**What the task requires**
The entries are to be output in full, word for word.
== Segment start ==
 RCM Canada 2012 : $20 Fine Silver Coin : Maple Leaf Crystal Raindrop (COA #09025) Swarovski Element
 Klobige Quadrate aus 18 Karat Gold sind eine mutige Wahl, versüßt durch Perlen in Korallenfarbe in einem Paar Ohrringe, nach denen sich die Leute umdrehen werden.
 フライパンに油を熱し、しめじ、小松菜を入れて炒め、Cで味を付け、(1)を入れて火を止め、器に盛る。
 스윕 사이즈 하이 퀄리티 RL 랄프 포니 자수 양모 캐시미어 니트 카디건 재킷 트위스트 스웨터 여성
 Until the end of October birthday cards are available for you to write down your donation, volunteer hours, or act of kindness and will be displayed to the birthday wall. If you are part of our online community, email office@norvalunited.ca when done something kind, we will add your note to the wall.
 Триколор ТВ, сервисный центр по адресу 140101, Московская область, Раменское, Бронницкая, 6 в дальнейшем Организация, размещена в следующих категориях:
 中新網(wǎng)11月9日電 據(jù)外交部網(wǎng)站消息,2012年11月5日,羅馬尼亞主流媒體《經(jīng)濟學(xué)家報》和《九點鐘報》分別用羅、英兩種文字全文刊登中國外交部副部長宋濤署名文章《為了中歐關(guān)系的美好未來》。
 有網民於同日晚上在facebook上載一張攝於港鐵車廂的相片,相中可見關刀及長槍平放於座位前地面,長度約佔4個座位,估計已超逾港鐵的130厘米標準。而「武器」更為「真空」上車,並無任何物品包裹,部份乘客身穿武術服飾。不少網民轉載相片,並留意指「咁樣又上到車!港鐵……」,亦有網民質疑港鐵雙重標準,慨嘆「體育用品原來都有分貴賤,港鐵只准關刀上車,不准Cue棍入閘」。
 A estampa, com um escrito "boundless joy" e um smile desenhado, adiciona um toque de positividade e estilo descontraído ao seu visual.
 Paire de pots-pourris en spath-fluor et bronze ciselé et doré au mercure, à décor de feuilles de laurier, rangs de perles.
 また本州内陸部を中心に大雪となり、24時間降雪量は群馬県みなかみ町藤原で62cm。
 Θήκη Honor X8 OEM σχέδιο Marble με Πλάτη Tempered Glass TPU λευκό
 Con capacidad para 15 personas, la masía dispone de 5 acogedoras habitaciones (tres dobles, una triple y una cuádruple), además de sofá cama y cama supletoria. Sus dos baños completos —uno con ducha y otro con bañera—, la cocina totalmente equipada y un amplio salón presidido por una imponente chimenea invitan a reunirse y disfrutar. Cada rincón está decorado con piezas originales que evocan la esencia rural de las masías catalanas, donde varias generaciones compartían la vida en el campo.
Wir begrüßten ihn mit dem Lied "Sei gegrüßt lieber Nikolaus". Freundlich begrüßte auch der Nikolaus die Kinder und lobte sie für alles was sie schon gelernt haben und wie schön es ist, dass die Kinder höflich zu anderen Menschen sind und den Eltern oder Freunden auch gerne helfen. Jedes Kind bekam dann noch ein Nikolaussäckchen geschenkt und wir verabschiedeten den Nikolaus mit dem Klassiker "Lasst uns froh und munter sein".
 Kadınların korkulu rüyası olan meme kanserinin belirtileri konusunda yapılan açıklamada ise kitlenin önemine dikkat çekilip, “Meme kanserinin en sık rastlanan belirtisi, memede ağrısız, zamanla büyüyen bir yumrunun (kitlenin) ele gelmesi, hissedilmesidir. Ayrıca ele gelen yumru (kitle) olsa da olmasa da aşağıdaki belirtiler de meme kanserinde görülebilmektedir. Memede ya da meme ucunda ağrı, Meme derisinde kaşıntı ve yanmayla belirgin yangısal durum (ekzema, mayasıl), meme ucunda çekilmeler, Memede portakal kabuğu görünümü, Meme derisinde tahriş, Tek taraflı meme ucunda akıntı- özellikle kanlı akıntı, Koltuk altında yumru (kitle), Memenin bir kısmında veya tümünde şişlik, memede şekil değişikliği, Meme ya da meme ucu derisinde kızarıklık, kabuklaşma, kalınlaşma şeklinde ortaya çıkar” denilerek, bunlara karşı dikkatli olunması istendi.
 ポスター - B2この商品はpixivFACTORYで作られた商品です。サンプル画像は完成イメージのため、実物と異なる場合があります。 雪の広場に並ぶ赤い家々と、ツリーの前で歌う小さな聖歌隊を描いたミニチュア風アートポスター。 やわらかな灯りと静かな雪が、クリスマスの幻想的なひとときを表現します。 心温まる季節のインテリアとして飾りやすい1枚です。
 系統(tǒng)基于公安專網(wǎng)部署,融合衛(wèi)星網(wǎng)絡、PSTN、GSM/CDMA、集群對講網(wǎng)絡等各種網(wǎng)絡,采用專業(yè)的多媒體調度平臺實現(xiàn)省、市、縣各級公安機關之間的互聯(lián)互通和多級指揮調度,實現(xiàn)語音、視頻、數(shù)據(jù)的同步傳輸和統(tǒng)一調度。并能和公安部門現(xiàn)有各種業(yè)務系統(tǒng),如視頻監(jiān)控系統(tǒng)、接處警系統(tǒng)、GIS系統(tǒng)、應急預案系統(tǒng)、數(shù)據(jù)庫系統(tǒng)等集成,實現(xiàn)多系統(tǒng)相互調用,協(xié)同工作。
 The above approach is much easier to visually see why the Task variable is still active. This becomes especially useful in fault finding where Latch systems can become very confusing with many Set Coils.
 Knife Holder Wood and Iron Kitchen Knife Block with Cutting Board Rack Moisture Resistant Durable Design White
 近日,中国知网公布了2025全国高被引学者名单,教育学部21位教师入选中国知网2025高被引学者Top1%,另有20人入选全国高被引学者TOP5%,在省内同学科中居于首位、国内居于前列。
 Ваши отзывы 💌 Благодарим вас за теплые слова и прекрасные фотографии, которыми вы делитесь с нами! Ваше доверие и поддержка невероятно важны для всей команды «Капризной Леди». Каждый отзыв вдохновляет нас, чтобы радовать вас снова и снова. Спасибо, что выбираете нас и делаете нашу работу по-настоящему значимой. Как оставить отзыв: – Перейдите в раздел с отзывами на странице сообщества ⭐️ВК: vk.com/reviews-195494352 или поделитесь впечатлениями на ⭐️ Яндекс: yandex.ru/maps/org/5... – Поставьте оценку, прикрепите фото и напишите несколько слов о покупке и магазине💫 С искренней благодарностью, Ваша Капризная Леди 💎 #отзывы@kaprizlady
== Segment end ==
**Answer to this task**
 RCM Canada 2012 : $20 Fine Silver Coin : Maple Leaf Crystal Raindrop (COA #09025) Swarovski Element
 Klobige Quadrate aus 18 Karat Gold sind eine mutige Wahl, versüßt durch Perlen in Korallenfarbe in einem Paar Ohrringe, nach denen sich die Leute umdrehen werden.
 フライパンに油を熱し、しめじ、小松菜を入れて炒め、Cで味を付け、(1)を入れて火を止め、器に盛る。
 스윕 사이즈 하이 퀄리티 RL 랄프 포니 자수 양모 캐시미어 니트 카디건 재킷 트위스트 스웨터 여성
 Until the end of October birthday cards are available for you to write down your donation, volunteer hours, or act of kindness and will be displayed to the birthday wall. If you are part of our online community, email office@norvalunited.ca when done something kind, we will add your note to the wall.
 Триколор ТВ, сервисный центр по адресу 140101, Московская область, Раменское, Бронницкая, 6 в дальнейшем Организация, размещена в следующих категориях:
 中新網(wǎng)11月9日電 據(jù)外交部網(wǎng)站消息,2012年11月5日,羅馬尼亞主流媒體《經(jīng)濟學(xué)家報》和《九點鐘報》分別用羅、英兩種文字全文刊登中國外交部副部長宋濤署名文章《為了中歐關(guān)系的美好未來》。
 有網民於同日晚上在facebook上載一張攝於港鐵車廂的相片,相中可見關刀及長槍平放於座位前地面,長度約佔4個座位,估計已超逾港鐵的130厘米標準。而「武器」更為「真空」上車,並無任何物品包裹,部份乘客身穿武術服飾。不少網民轉載相片,並留意指「咁樣又上到車!港鐵……」,亦有網民質疑港鐵雙重標準,慨嘆「體育用品原來都有分貴賤,港鐵只准關刀上車,不准Cue棍入閘」。
 A estampa, com um escrito "boundless joy" e um smile desenhado, adiciona um toque de positividade e estilo descontraído ao seu visual.
 Paire de pots-pourris en spath-fluor et bronze ciselé et doré au mercure, à décor de feuilles de laurier, rangs de perles.
 また本州内陸部を中心に大雪となり、24時間降雪量は群馬県みなかみ町藤原で62cm。
 Θήκη Honor X8 OEM σχέδιο Marble με Πλάτη Tempered Glass TPU λευκό
 Con capacidad para 15 personas, la masía dispone de 5 acogedoras habitaciones (tres dobles, una triple y una cuádruple), además de sofá cama y cama supletoria. Sus dos baños completos —uno con ducha y otro con bañera—, la cocina totalmente equipada y un amplio salón presidido por una imponente chimenea invitan a reunirse y disfrutar. Cada rincón está decorado con piezas originales que evocan la esencia rural de las masías catalanas, donde varias generaciones compartían la vida en el campo.
Wir begrüßten ihn mit dem Lied "Sei gegrüßt lieber Nikolaus". Freundlich begrüßte auch der Nikolaus die Kinder und lobte sie für alles was sie schon gelernt haben und wie schön es ist, dass die Kinder höflich zu anderen Menschen sind und den Eltern oder Freunden auch gerne helfen. Jedes Kind bekam dann noch ein Nikolaussäckchen geschenkt und wir verabschiedeten den Nikolaus mit dem Klassiker "Lasst uns froh und munter sein".
 Kadınların korkulu rüyası olan meme kanserinin belirtileri konusunda yapılan açıklamada ise kitlenin önemine dikkat çekilip, “Meme kanserinin en sık rastlanan belirtisi, memede ağrısız, zamanla büyüyen bir yumrunun (kitlenin) ele gelmesi, hissedilmesidir. Ayrıca ele gelen yumru (kitle) olsa da olmasa da aşağıdaki belirtiler de meme kanserinde görülebilmektedir. Memede ya da meme ucunda ağrı, Meme derisinde kaşıntı ve yanmayla belirgin yangısal durum (ekzema, mayasıl), meme ucunda çekilmeler, Memede portakal kabuğu görünümü, Meme derisinde tahriş, Tek taraflı meme ucunda akıntı- özellikle kanlı akıntı, Koltuk altında yumru (kitle), Memenin bir kısmında veya tümünde şişlik, memede şekil değişikliği, Meme ya da meme ucu derisinde kızarıklık, kabuklaşma, kalınlaşma şeklinde ortaya çıkar” denilerek, bunlara karşı dikkatli olunması istendi.
 ポスター - B2この商品はpixivFACTORYで作られた商品です。サンプル画像は完成イメージのため、実物と異なる場合があります。 雪の広場に並ぶ赤い家々と、ツリーの前で歌う小さな聖歌隊を描いたミニチュア風アートポスター。 やわらかな灯りと静かな雪が、クリスマスの幻想的なひとときを表現します。 心温まる季節のインテリアとして飾りやすい1枚です。
 系統(tǒng)基于公安專網(wǎng)部署,融合衛(wèi)星網(wǎng)絡、PSTN、GSM/CDMA、集群對講網(wǎng)絡等各種網(wǎng)絡,采用專業(yè)的多媒體調度平臺實現(xiàn)省、市、縣各級公安機關之間的互聯(lián)互通和多級指揮調度,實現(xiàn)語音、視頻、數(shù)據(jù)的同步傳輸和統(tǒng)一調度。并能和公安部門現(xiàn)有各種業(yè)務系統(tǒng),如視頻監(jiān)控系統(tǒng)、接處警系統(tǒng)、GIS系統(tǒng)、應急預案系統(tǒng)、數(shù)據(jù)庫系統(tǒng)等集成,實現(xiàn)多系統(tǒng)相互調用,協(xié)同工作。
 The above approach is much easier to visually see why the Task variable is still active. This becomes especially useful in fault finding where Latch systems can become very confusing with many Set Coils.
 Knife Holder Wood and Iron Kitchen Knife Block with Cutting Board Rack Moisture Resistant Durable Design White
 近日,中国知网公布了2025全国高被引学者名单,教育学部21位教师入选中国知网2025高被引学者Top1%,另有20人入选全国高被引学者TOP5%,在省内同学科中居于首位、国内居于前列。
 Ваши отзывы 💌 Благодарим вас за теплые слова и прекрасные фотографии, которыми вы делитесь с нами! Ваше доверие и поддержка невероятно важны для всей команды «Капризной Леди». Каждый отзыв вдохновляет нас, чтобы радовать вас снова и снова. Спасибо, что выбираете нас и делаете нашу работу по-настоящему значимой. Как оставить отзыв: – Перейдите в раздел с отзывами на странице сообщества ⭐️ВК: vk.com/reviews-195494352 или поделитесь впечатлениями на ⭐️ Яндекс: yandex.ru/maps/org/5... – Поставьте оценку, прикрепите фото и напишите несколько слов о покупке и магазине💫 С искренней благодарностью, Ваша Капризная Леди 💎 #отзывы@kaprizlady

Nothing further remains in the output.